The Obama administration can get the ball rolling on personnel reforms, but it will need Congress to make lasting changes.

At first glance, contract negotiations, telework policy and federal hiring mechanisms don't appear to have much in common. But all are areas the Obama administration considers ripe for improvement, and it is prepared to act, with or without the help of Congress. If lawmakers are dragging their feet on legislative remedies, then the president's team will force changes through executive orders. The only problem with this approach is eventually, the administration will need Congress' help if it wants the reforms to stick.

Take contract negotiations between the National Air Traffic Controllers Association and the Federal Aviation Administration. House and Senate lawmakers agreed last year during discussions over the FAA reauthorization bill that they ought to prevent the agency from imposing its final contract offer on unions, as it did in 2006 when negotiations with NATCA stalled. But they could not agree on whether that change should be retroactive so it would apply to the 2006 talks.

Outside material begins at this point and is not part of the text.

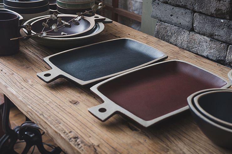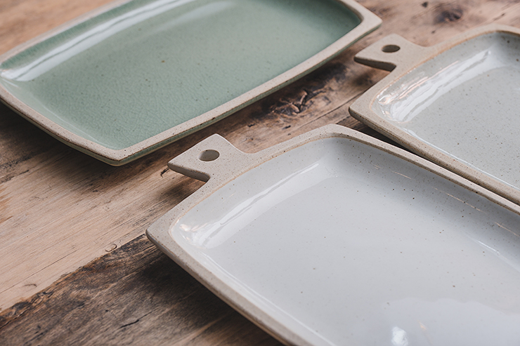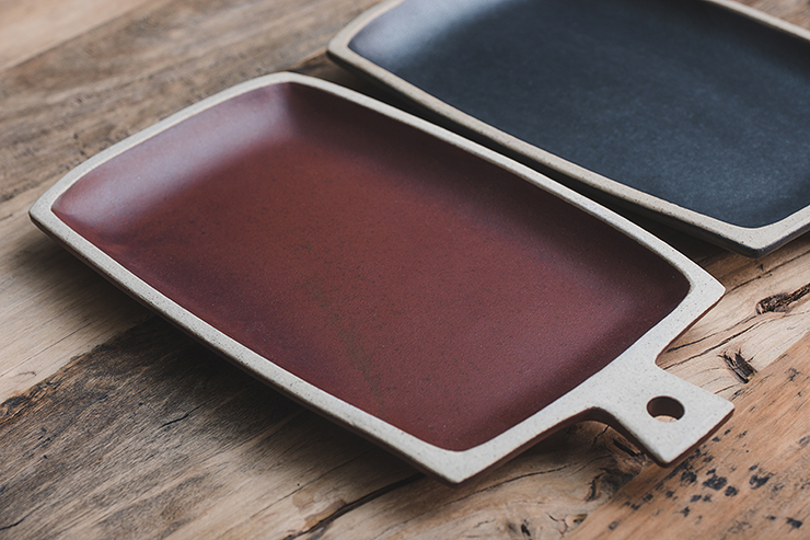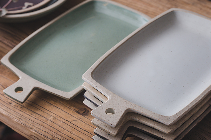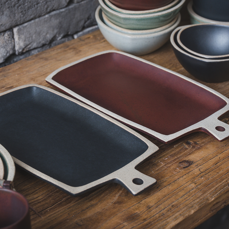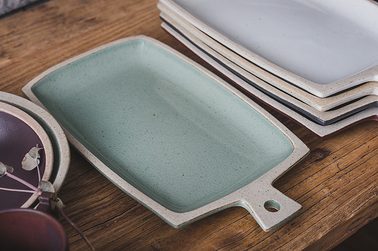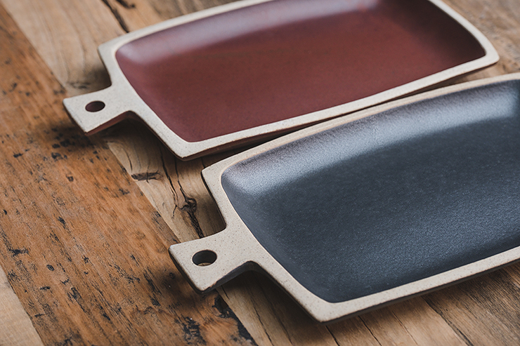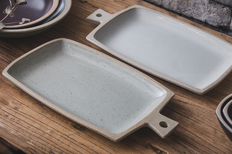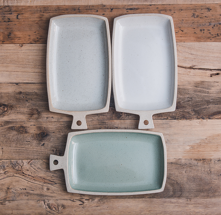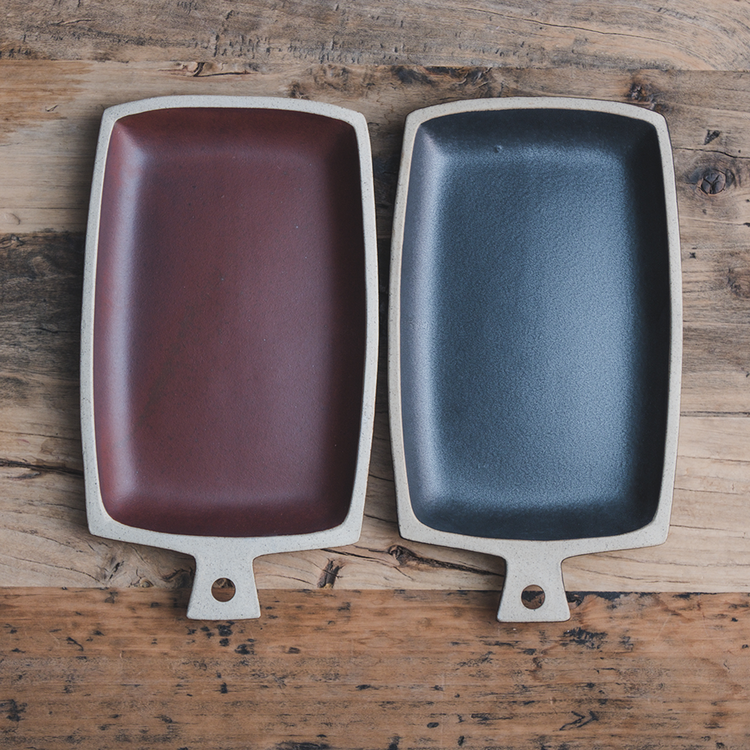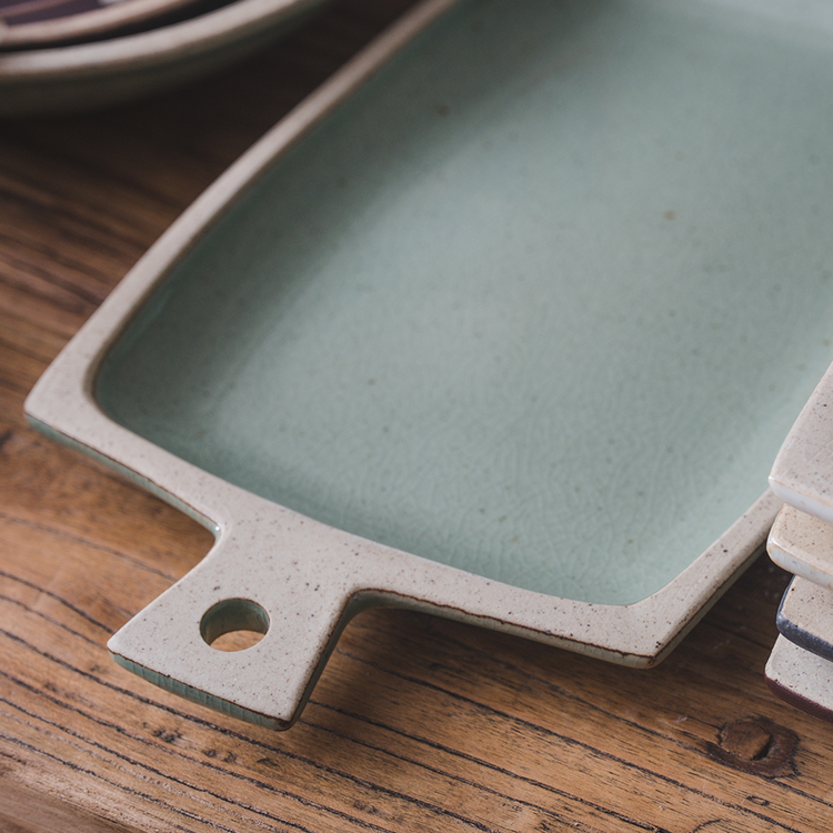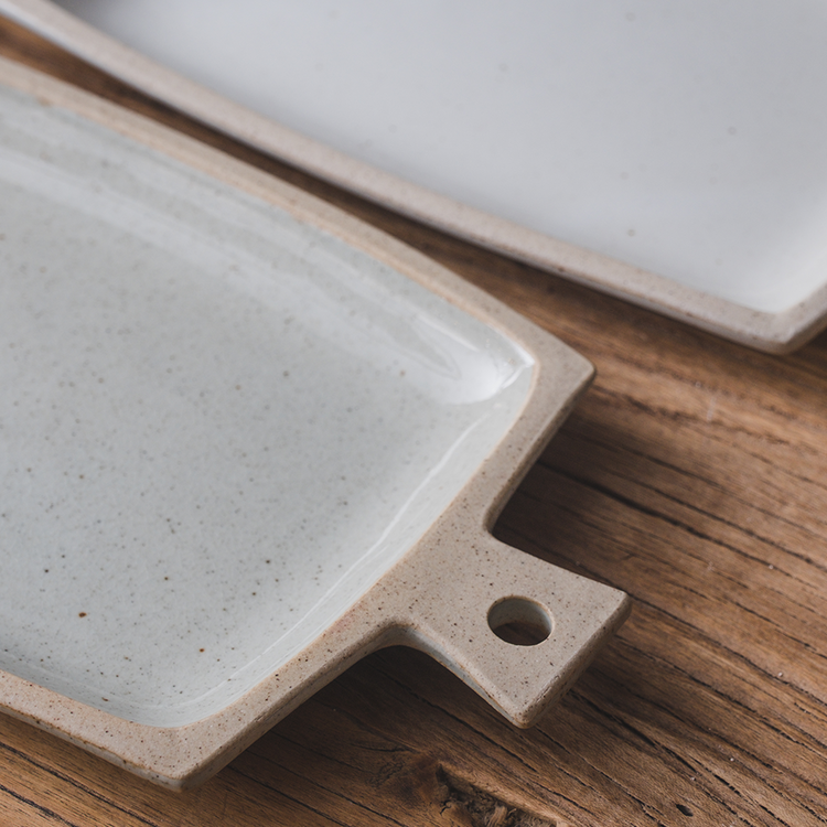 직사각 모양의 손잡이 포인트 접시

The Obama administration made that a moot point when Transportation Secretary Ray LaHood appointed a team of arbitrators to reopen contract discussions between the union and FAA. It did not, however, resolve the broader issue, and unions are likely to continue pushing for legislative changes to prevent the FAA administrator from imposing pay and work rules in the future.

Office of Personnel Management Director John Berry also took work off lawmakers' plates in April when he announced a new governmentwide telework policy that would encompass many of the provisions in bills introduced by Rep. John Sarbanes, D-Md., and Sen. Daniel Akaka, D-Hawaii. For instance, it would establish a council to set performance metrics and best practices for telework and encourage agencies to designate coordinators.

But Berry's ability to implement elements of the bills administratively doesn't mean lawmakers should stop trying to pass them, at least from Sarbanes' point of view. Sarbanes said he wanted to see Berry's changes codified in law so they could not be reversed by subsequent administrations.

That same concern about the mutability of presidential executive orders and other executive branch directives animates other calls for legislation.

The National Treasury Employees Union and the American Federation of Government Employees want Homeland Security Secretary Janet Napolitano to declare that Transportation Security Administration employees have the right to bargain collectively. They also would like to see a law passed to establish that right in case Napolitano's successor disagrees with her.

Similarly, some federal employee unions want President Obama to issue an executive order re-establishing mandatory labor-management partnership councils but moreover, they are hoping Congress will pass a law so that the councils are no longer subject to the whims of the administration in power. President Clinton established such councils through an executive order, but President George W. Bush issued another order disbanding them.

Some political appointees acknowledge the limits of their power. Berry said during a recent Senate hearing that he would reform the hiring process even absent congressional action, but noted that he could have trouble enforcing new policies, joking that OPM might as well be called the "Office of Personnel Recommendations." A law would lend teeth to policies.

As the Obama administration moves forward on personnel reforms, it must balance the competing desires to act quickly and find a lasting solution. Agency heads, and the president himself, could move faster than Congress. But congressional action is critical to making long-term changes.